▶ [Task goal] Return every record verbatim, omitting all pictures.

◆ ◆ ◆ ◆

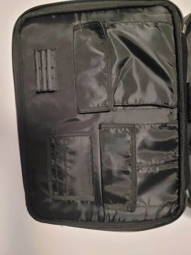 Black laptop carrying case. Features padded laptop compartment, multiple interior pockets, and an adjustable shoulder strap. Exterior pocket included. Great for carrying a laptop or tablet.
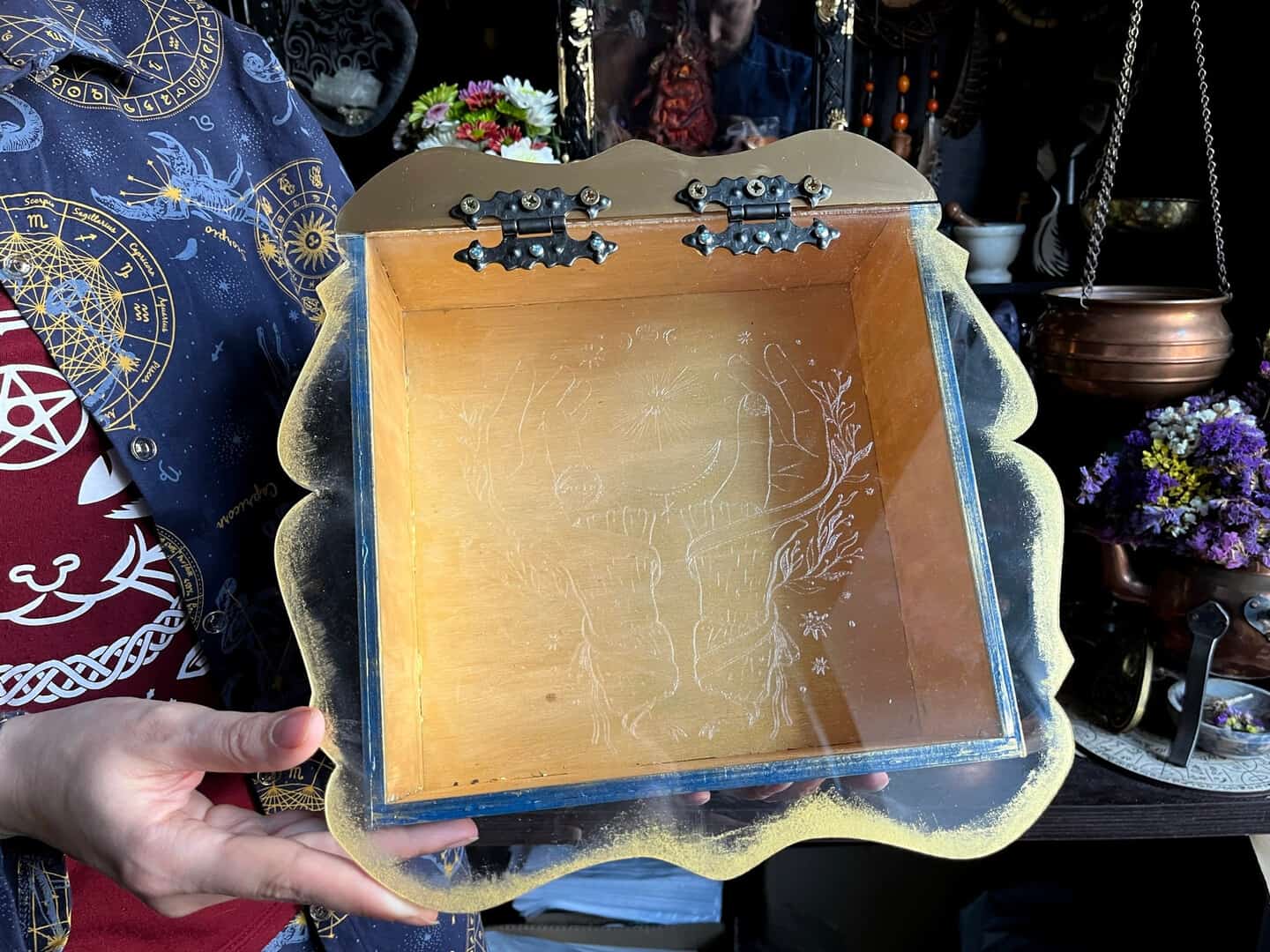 ???? Box with plexiglass engraving lid for crystals storage "Divination". Also it's fits good for jewelry, tea or your craft supplies. ????Consist on: ONLY box!!! Decor on photos are simply decor:) ????Material: birch (plywood), plexiglass (lid). ????Size of a box: W 30 cm/ 11.8 in L 30 cm/ 11.8 in H 10 cm/ 3.9 in ????Inner size: W 23cm/ 9 in L 23 cm/ 9 in D 9 cm/ 3.5 in
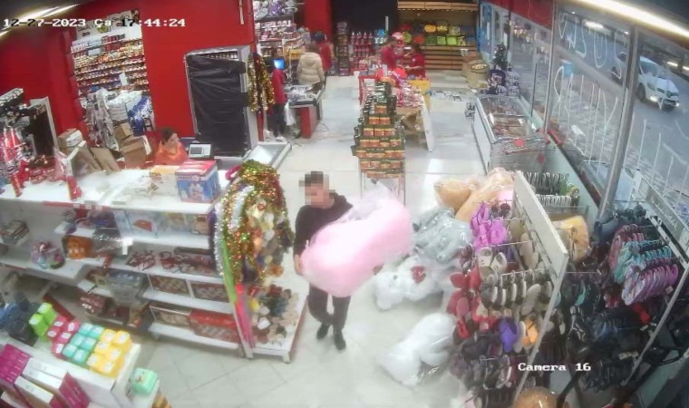 Afyonkarahisar’da bir markete giren genç şahıs, boyu yaklaşık 1 metre olan bin TL değerindeki oyuncak ayıyı çalarak kayıplara karıştı.
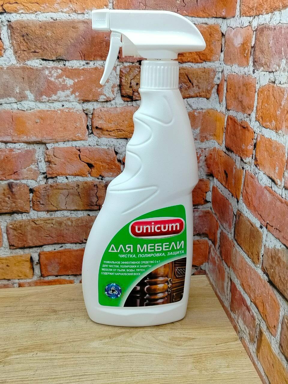 Чистящее моющее средство очиститель для уборки мебели очистки деревянной поверхности полировки защита от пыли воды пятен Unicum 500 мл спрей полироль
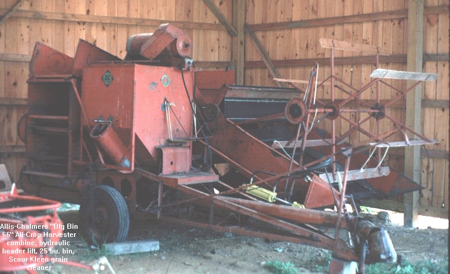 Our operational combine, Serial B-69872 , is a 1958 Series B with the 25 bushel grain bin (earlier combines had had an 18-bushel bin, or a bagging platform), a Scour Kleen grain cleaner above the bin, and an unloading auger emerging from the right side of the bin. This model is called the Big Bin 66 in Allis-Chalmers Farm Equipment 1914 - 1985 by Swinford. The photocopied manual I have is for the earlier version of the Series B , with the smaller grain bin (recognizable by the unloading auger on the front), and doesn't show the grain cleaner at all. I have given up on my manual distribution, as my copy is a second-generation photocopy and I wasn't satisfied with the results. As of 2006, a web search finds several sources of reproductions, notably Tom Yanowski's All Crop site and SSB Tractor.
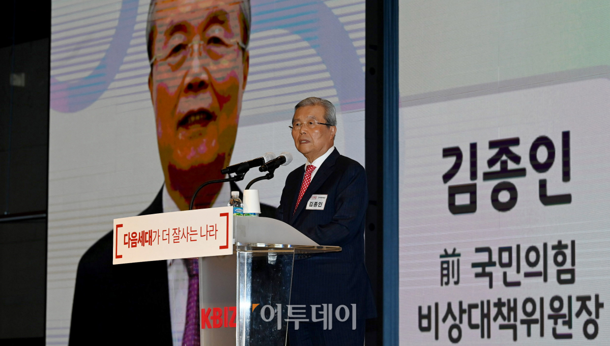 7일 오전 서울 영등포구 중소기업회관에서 열린 원회룡 제주지사 지지 현역 국회의원 모임인 '희망오름' 출범식에서 김종인 전 국민의힘 비대위원장이 축사를 하고 있다.
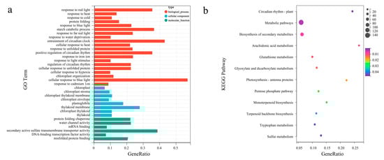 The synthesis of related secondary metabolites may be regulated by DEGs at the transcriptional level. Gene Ontology enrichment analyses were performed to reveal the biological functions of L. formosana leaves to exhaustively explore the presumed function of DEGs (Supplementary Table S4). The main molecular function (MF), cellular component (CC), and biological process (BP) categories were identified. A total of 1202 DEGs were clustered into 21 biological processes, eight cellular components, and six molecular functions (Figure 3a). Most subcategories were related to the cellular response to blue light, entrainment of the circadian clock, starch catabolic processes, and positive regulation of circadian rhythm in the BP categories. The largest percentages of DEGs in the CC category were related to the thylakoid membrane, protein-folding chaperones, and plastoglobules. There were only eight subcategories enriched in cellular components. This mainly included secondary active sulfate transmembrane transporter activity and water channel activity.
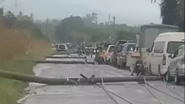Tiang listrik yang tumbang tersebut melintang ke badan jalan lintas Bireuen-Takengon itu mengakibatkan terjadinya kemacetan pajang di kawasan tersebut.
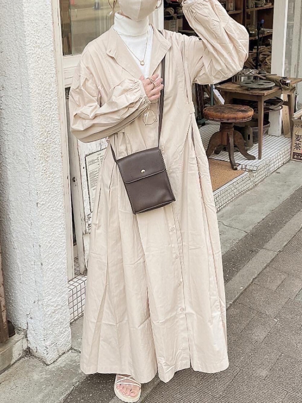 R I のシャツワンピース「【陽コラボ】ボックスタックロングシャツワンピース」を使ったコーディネート
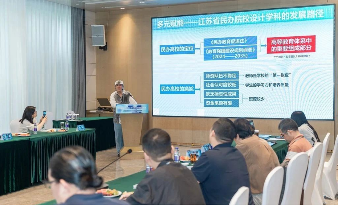論壇邀請江蘇省工業(yè)設(shè)計學(xué)會理事長、南京藝術(shù)學(xué)院原副校長何曉佑教授在開幕式致辭并作題為"多元賦能-民辦院校設(shè)計學(xué)科的發(fā)展路徑"的主旨報告。他在報告中強(qiáng)調(diào),隨著《民辦教育促進(jìn)法》和《教育強(qiáng)國建設(shè)規(guī)劃綱要(2024-2035)》的相繼出臺,民辦教育在高等教育體系中的地位得到進(jìn)一步明確,提出民辦高校藝術(shù)設(shè)計專業(yè)應(yīng)當(dāng)立足自身特色,從六個維度探索差異化發(fā)展道路。同時表示支持推動成立民辦院校設(shè)計教育聯(lián)盟。
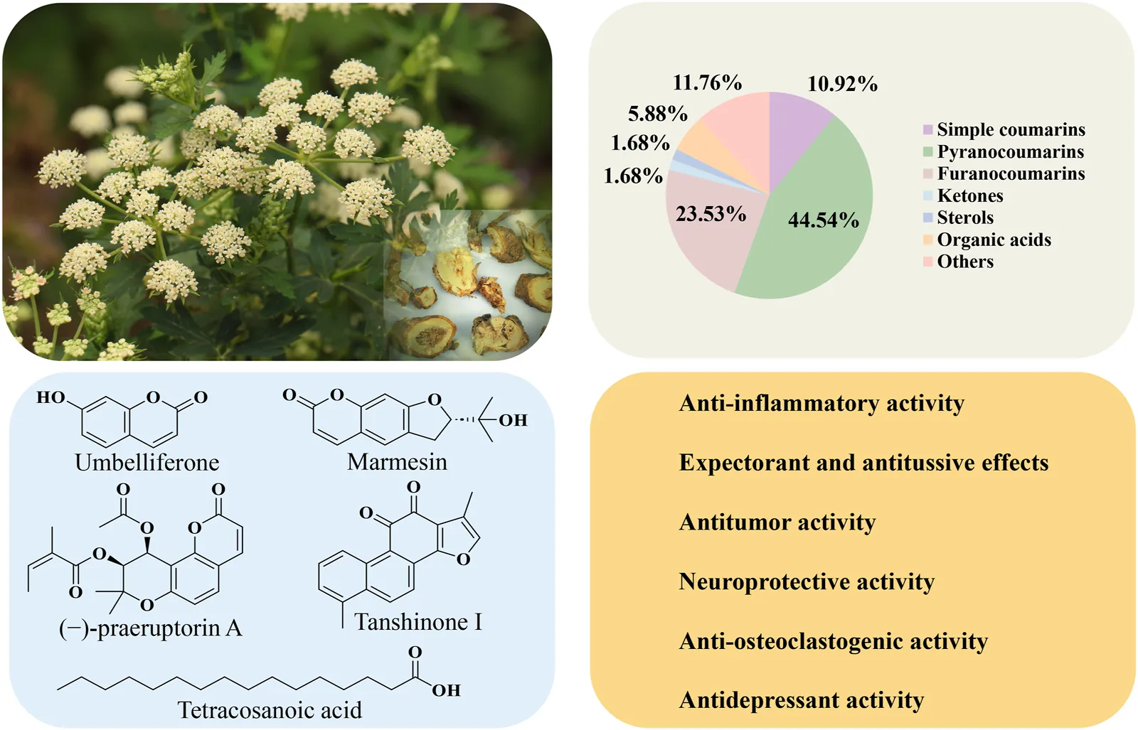 Peucedanum praeruptorum , pharmacology, phytochemistry, traditional uses, quality control
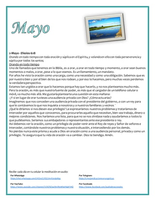 El documento presenta reflexiones diarias basadas en pasajes bíblicos, alentando a elevar la mirada hacia Dios en momentos de dificultad y a mantener una vida de oración activa como un privilegio. Se enfatiza que Dios es un refugio seguro y que al hacer el bien a otros, debemos hacerlo sin desmayar, confiando en Su dirección y poder. Además, se recuerda la importancia de mantener la fe y la vigilancia en la vida cristiana para no caer en la desmotivación ante las adversidades.
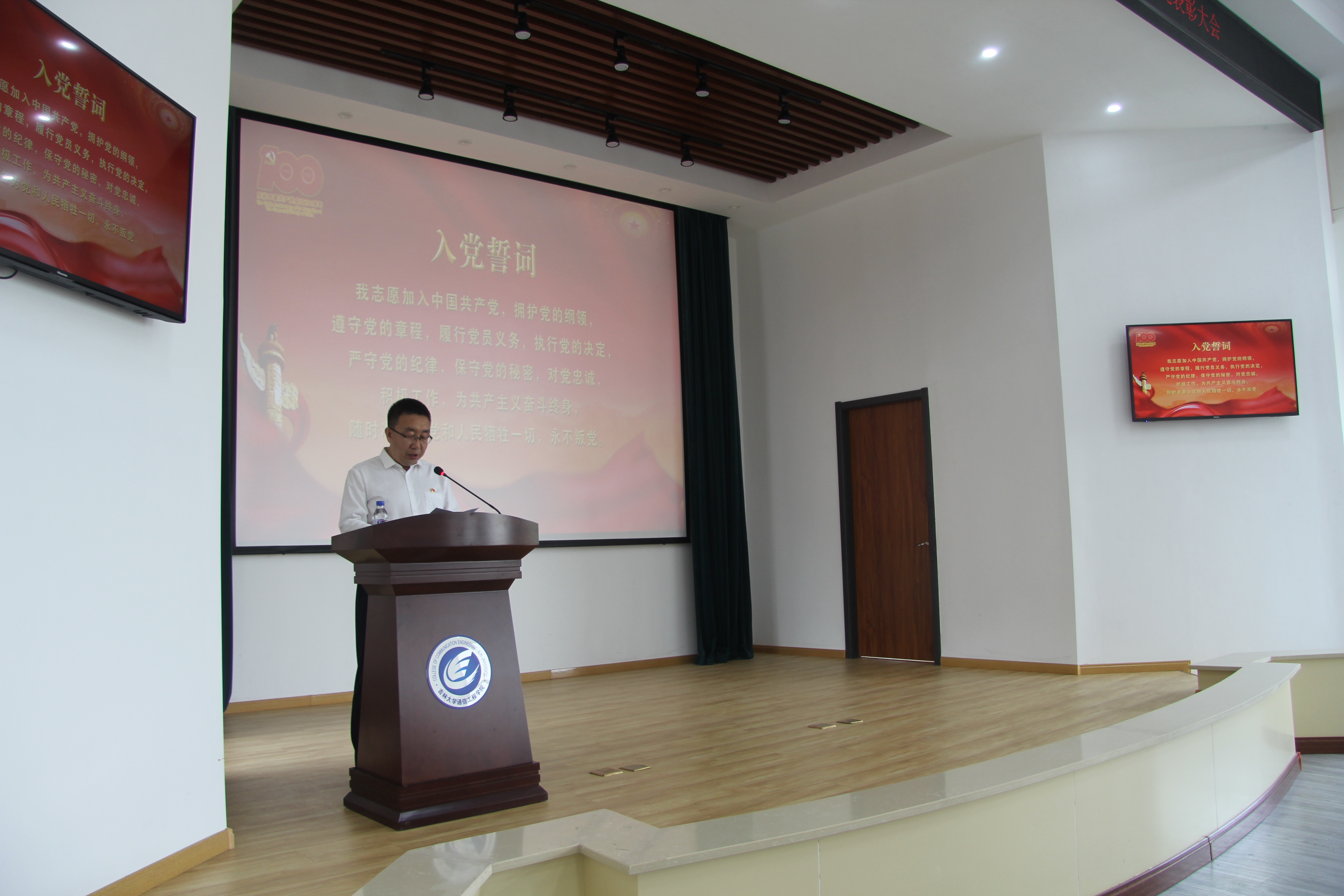 伴随着激昂雄壮的国歌,大会正式开始。随后,全体党员举起右手,面对着鲜红的党旗,庄严宣誓,激昂的宣誓声响彻整个会场。预备党员代表李卓菲同学代表全体新党员发言,她表示要恪守在党旗下的诺言,严格要求自己, 以行动践行入党誓言,肩负起党和人民的重托,为共产主义奋斗终身。
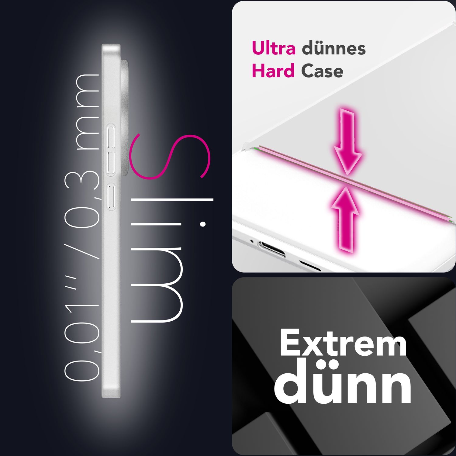 The Phantom case combines minimalist design with reliable protection . At only 0.3 mm thick, your smartphone remains feather-light and slim – almost like having no case at all!
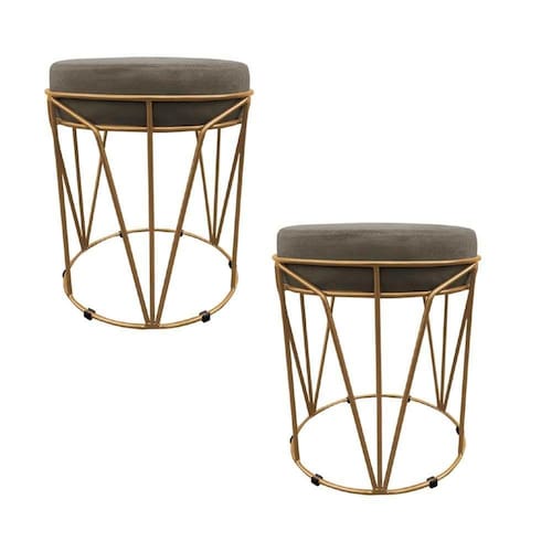 Kit 02 Puff Babu Suede Marrom Rato com Base Dourado DRossi
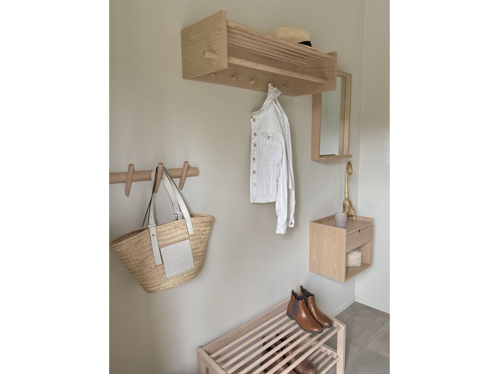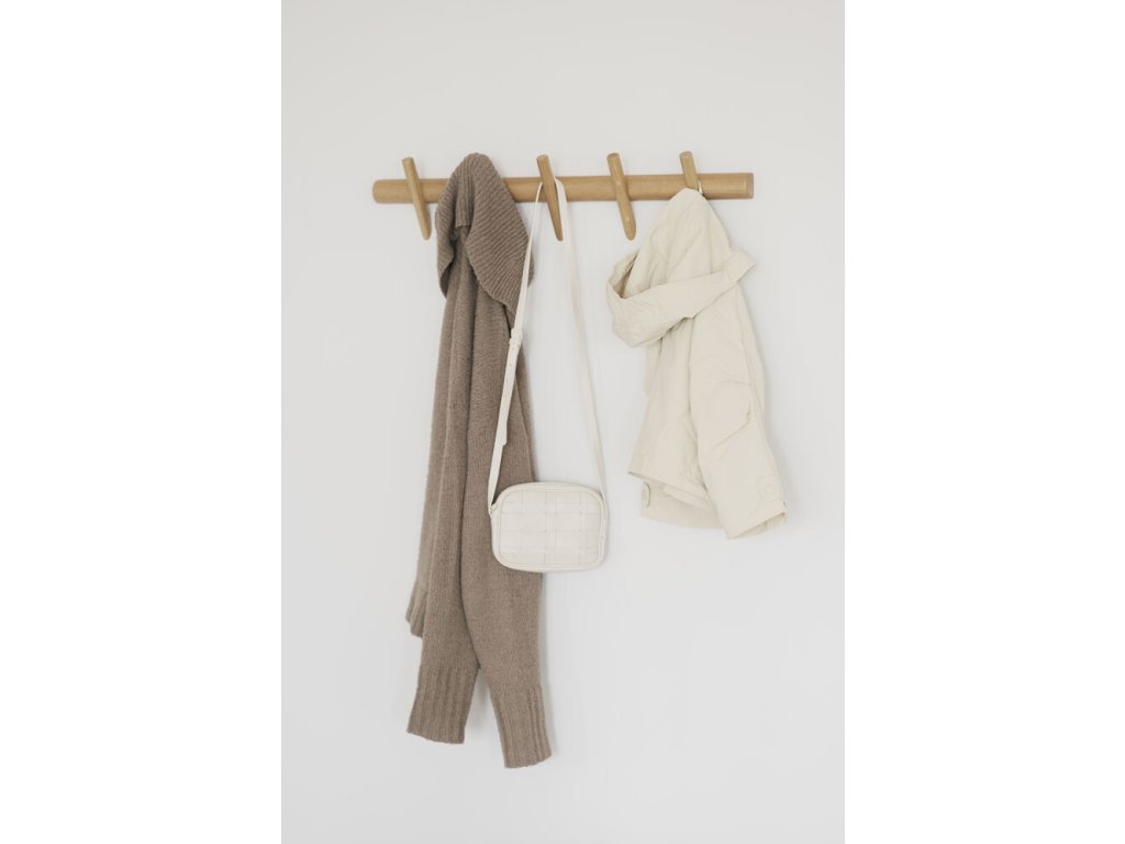 Věšák Hillmond 65 cm od Rowico je stylový a funkční nástěnný věšák vyrobený z masivního dubu, dostupný v provedení lakovaný přírodní dub nebo lakovaný bělený dub. Díky pěti pevným háčkům nabízí praktický způsob, jak udržet pořádek v předsíni, ložnici nebo šatně.

◆ ◆ ◆ ◆

▶ [Exercise output]
 Black laptop carrying case. Features padded laptop compartment, multiple interior pockets, and an adjustable shoulder strap. Exterior pocket included. Great for carrying a laptop or tablet.
 ???? Box with plexiglass engraving lid for crystals storage "Divination". Also it's fits good for jewelry, tea or your craft supplies. ????Consist on: ONLY box!!! Decor on photos are simply decor:) ????Material: birch (plywood), plexiglass (lid). ????Size of a box: W 30 cm/ 11.8 in L 30 cm/ 11.8 in H 10 cm/ 3.9 in ????Inner size: W 23cm/ 9 in L 23 cm/ 9 in D 9 cm/ 3.5 in
 Afyonkarahisar’da bir markete giren genç şahıs, boyu yaklaşık 1 metre olan bin TL değerindeki oyuncak ayıyı çalarak kayıplara karıştı.
 Чистящее моющее средство очиститель для уборки мебели очистки деревянной поверхности полировки защита от пыли воды пятен Unicum 500 мл спрей полироль
 Our operational combine, Serial B-69872 , is a 1958 Series B with the 25 bushel grain bin (earlier combines had had an 18-bushel bin, or a bagging platform), a Scour Kleen grain cleaner above the bin, and an unloading auger emerging from the right side of the bin. This model is called the Big Bin 66 in Allis-Chalmers Farm Equipment 1914 - 1985 by Swinford. The photocopied manual I have is for the earlier version of the Series B , with the smaller grain bin (recognizable by the unloading auger on the front), and doesn't show the grain cleaner at all. I have given up on my manual distribution, as my copy is a second-generation photocopy and I wasn't satisfied with the results. As of 2006, a web search finds several sources of reproductions, notably Tom Yanowski's All Crop site and SSB Tractor.
 7일 오전 서울 영등포구 중소기업회관에서 열린 원회룡 제주지사 지지 현역 국회의원 모임인 '희망오름' 출범식에서 김종인 전 국민의힘 비대위원장이 축사를 하고 있다.
 The synthesis of related secondary metabolites may be regulated by DEGs at the transcriptional level. Gene Ontology enrichment analyses were performed to reveal the biological functions of L. formosana leaves to exhaustively explore the presumed function of DEGs (Supplementary Table S4). The main molecular function (MF), cellular component (CC), and biological process (BP) categories were identified. A total of 1202 DEGs were clustered into 21 biological processes, eight cellular components, and six molecular functions (Figure 3a). Most subcategories were related to the cellular response to blue light, entrainment of the circadian clock, starch catabolic processes, and positive regulation of circadian rhythm in the BP categories. The largest percentages of DEGs in the CC category were related to the thylakoid membrane, protein-folding chaperones, and plastoglobules. There were only eight subcategories enriched in cellular components. This mainly included secondary active sulfate transmembrane transporter activity and water channel activity.
Tiang listrik yang tumbang tersebut melintang ke badan jalan lintas Bireuen-Takengon itu mengakibatkan terjadinya kemacetan pajang di kawasan tersebut.
 R I のシャツワンピース「【陽コラボ】ボックスタックロングシャツワンピース」を使ったコーディネート
論壇邀請江蘇省工業(yè)設(shè)計學(xué)會理事長、南京藝術(shù)學(xué)院原副校長何曉佑教授在開幕式致辭并作題為"多元賦能-民辦院校設(shè)計學(xué)科的發(fā)展路徑"的主旨報告。他在報告中強(qiáng)調(diào),隨著《民辦教育促進(jìn)法》和《教育強(qiáng)國建設(shè)規(guī)劃綱要(2024-2035)》的相繼出臺,民辦教育在高等教育體系中的地位得到進(jìn)一步明確,提出民辦高校藝術(shù)設(shè)計專業(yè)應(yīng)當(dāng)立足自身特色,從六個維度探索差異化發(fā)展道路。同時表示支持推動成立民辦院校設(shè)計教育聯(lián)盟。
 Peucedanum praeruptorum , pharmacology, phytochemistry, traditional uses, quality control
 El documento presenta reflexiones diarias basadas en pasajes bíblicos, alentando a elevar la mirada hacia Dios en momentos de dificultad y a mantener una vida de oración activa como un privilegio. Se enfatiza que Dios es un refugio seguro y que al hacer el bien a otros, debemos hacerlo sin desmayar, confiando en Su dirección y poder. Además, se recuerda la importancia de mantener la fe y la vigilancia en la vida cristiana para no caer en la desmotivación ante las adversidades.
 伴随着激昂雄壮的国歌,大会正式开始。随后,全体党员举起右手,面对着鲜红的党旗,庄严宣誓,激昂的宣誓声响彻整个会场。预备党员代表李卓菲同学代表全体新党员发言,她表示要恪守在党旗下的诺言,严格要求自己, 以行动践行入党誓言,肩负起党和人民的重托,为共产主义奋斗终身。
 The Phantom case combines minimalist design with reliable protection . At only 0.3 mm thick, your smartphone remains feather-light and slim – almost like having no case at all!
 Kit 02 Puff Babu Suede Marrom Rato com Base Dourado DRossi
 Věšák Hillmond 65 cm od Rowico je stylový a funkční nástěnný věšák vyrobený z masivního dubu, dostupný v provedení lakovaný přírodní dub nebo lakovaný bělený dub. Díky pěti pevným háčkům nabízí praktický způsob, jak udržet pořádek v předsíni, ložnici nebo šatně.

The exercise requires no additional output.